## THE TASK
Skipping all pictures, print exactly the lines below from the one with "盐城市盐都区人民政府潘黄街道" through the final line.

Stored dataset items:

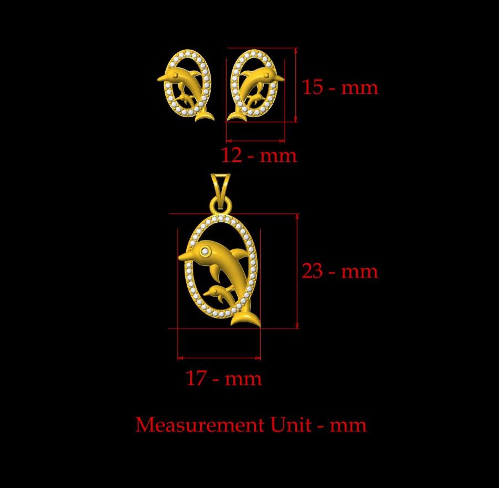 This is a jewelry 3d print file. For jewelry CAM and metal casting. It is ready for CAM and 3d printing. Model name is”Diamond Dolphin Pendant Set - 0035”.We have “Diamond Dolphin Pendant Set - 0035” Earring length 15 mm, width 12 mm and Pendant length 23 mm, width 17 mm .You can find all details of the product and volume of the product in the image. You can easily calculate any metal weight by product volume. We have given STL, OBJ, 3DMSTL, file format in ZIP file. (After metal casting and filling, and before polishing please tell your precutter or stone setter or engraver to clean or deep fece area, cloth and other area of upper portion by jewelry-graintool or grainbar or other tools for better finishing).We give you (normal STL, and OBJ) file format in zip file.
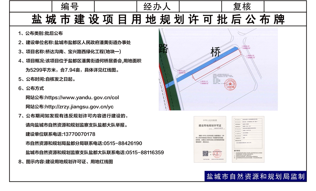 盐城市盐都区人民政府潘黄街道办事处桥达沟南、宝兴路西绿化工程(地块一)用地批后公告
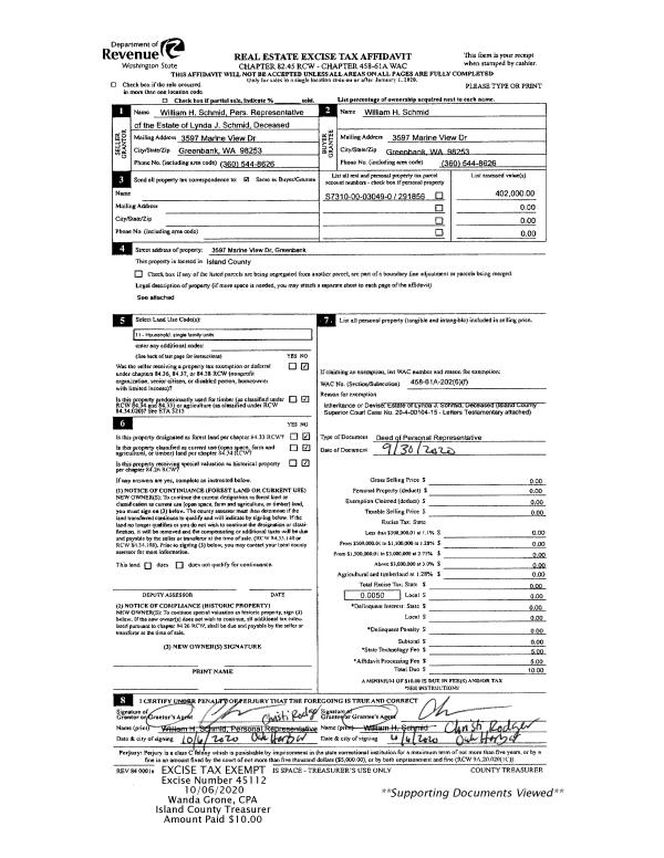 | 2 | 09/30/2020 | WD | Warranty Deed | SCHMID, WILLIAM H | SCHMID, WILLIAM H | | | $0.00 | 45112 | 4498681 |
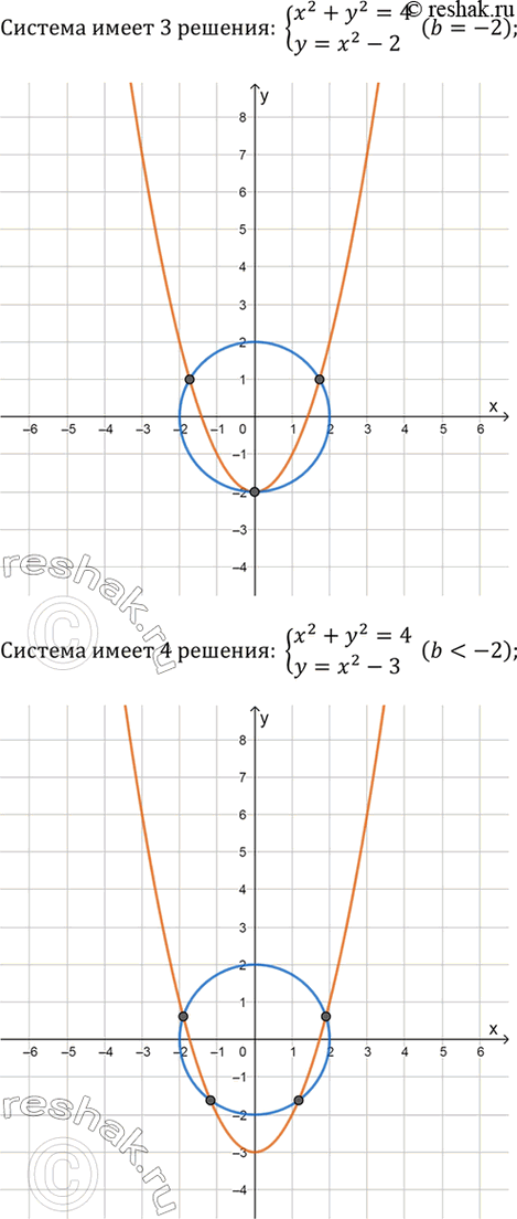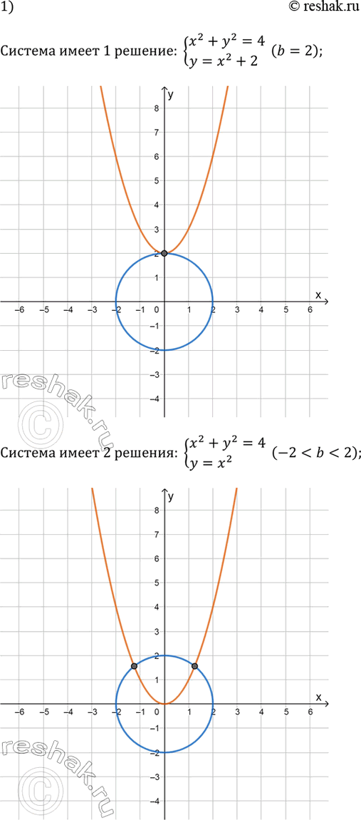 1) Система уравнений x^2 + y^2 = 4 и y = x^2 + b, где b - произвольное число, может иметь одно, два, три или четыре решения, а также не иметь решений. Проиллюстрируйте каждый случай с помощью схематического рисунка. Подберите конкретную систему, соответствующую каждому случаю.
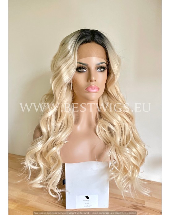 Rooted Glod Blonde Synthetic Lace Front Wig Beach Waves

## RESULT
 盐城市盐都区人民政府潘黄街道办事处桥达沟南、宝兴路西绿化工程(地块一)用地批后公告
 | 2 | 09/30/2020 | WD | Warranty Deed | SCHMID, WILLIAM H | SCHMID, WILLIAM H | | | $0.00 | 45112 | 4498681 |
 1) Система уравнений x^2 + y^2 = 4 и y = x^2 + b, где b - произвольное число, может иметь одно, два, три или четыре решения, а также не иметь решений. Проиллюстрируйте каждый случай с помощью схематического рисунка. Подберите конкретную систему, соответствующую каждому случаю.
 Rooted Glod Blonde Synthetic Lace Front Wig Beach Waves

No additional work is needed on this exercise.